Thursday, November 5, 2009

Cost of Climate Change

I read an interesting article in the National Post today from a climate change activist laying out the cost of climate change. It was a vain attempt to deconstruct the economics of global warming, painting a very bleak picture that concludes doing nothing would be literally murdering poor people. Really his argument had more holes than a Michael Moore movie. As an economist, I would like to quickly address his main talking points individually.

1) "The Global Humanitarian Forum argues that a gradual rise in temperature has already displaced 26-million people, and kills about 315,000 people a year through hunger, sickness and weather disasters, with the annual death toll expected to rise to half a million by 2030."
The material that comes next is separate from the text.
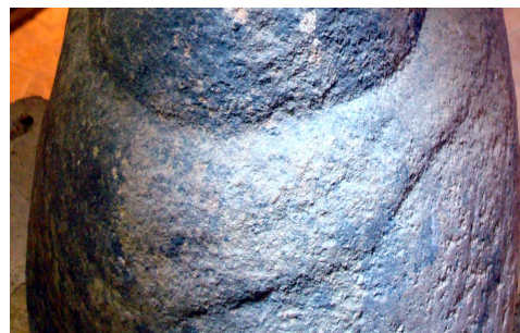
Fig.5 : Détails de la gravure des bras et des mains.

Are you saying that those are 315,000 people who would not have died had the world climate stayed in steady state equilibrium? Since we have started measuring weather in an archive, we have observed that temperature patterns are constantly cycling around equilibrium, rarely resting at a consistent temperature. Interesting how they shift back to temperature increases when making the case on how you are murdering people by driving to work. I thought the world stopped warming a decade ago. If the world hasn't warmed, then shouldn't those people still be alive? Or is global cooling worse? A lot of people die around the world every day for a lot of reasons. I would like to see the data that these "experts" are using to make these forecasts. Where does "half a million will die annually by climate change" come from?

2) "Second, the economic costs of rising CO2 levels in the atmosphere are significant. Nicholas Stern argues that doing nothing to mitigate carbon emissions could result in a 5%-20% loss of world GDP due to rising temperatures. Others (including big insurers) argue that global warming already causes over $125-billion in annual economic losses worldwide."

and

"The United Kingdom's Stern Report posited that 90% of the economic losses will be borne in the developing world, even though the world's 50 least-developed countries contribute only 1% of global emissions."

This is my favourite mathematical contradiction. A possible 20% loss of GDP, with 90% of the loss suffered from the poorest 50 countries who contribute 1% of the world's carbon. According to the World Bank, the world's 100 poorest countries contribute roughly 2% to global GDP. If 90% of the losses will be incurred by 2% of the world economy, how can the world's economy decline by a maximum of 20%? That is mathematically impossible! Honestly, if the 30 richest countries in the world produce roughly 90% of global economic output, then a clever wealth distribution scheme could certainly destroy 20% of world GDP. Unless we are going to include Europe as part of the developing world.

Again, when you are debating these people, just focus on the numbers. I would not speculate that every climate change activist is a Marxist, but there is a significant proportion in the global warming community who are now promoting global socialism as the cure to a problem that isn't even there.

I have asked it before and I will say it again, where does environmentalism end and Marxism begin?

1 comment:

  1. Seems to me the environmentalists have to choose between this shiny new world wealth redistribution scheme or a cleaner environment.
    Chinese industry pollutes more per unit of production than industry in the developed world.
    So moving production from the cleaner industry here to the dirtier industry there will result in more real pollution and C02, not less.
    And we'll ship our raw materials there and the finished products back here which will cause even more pollution.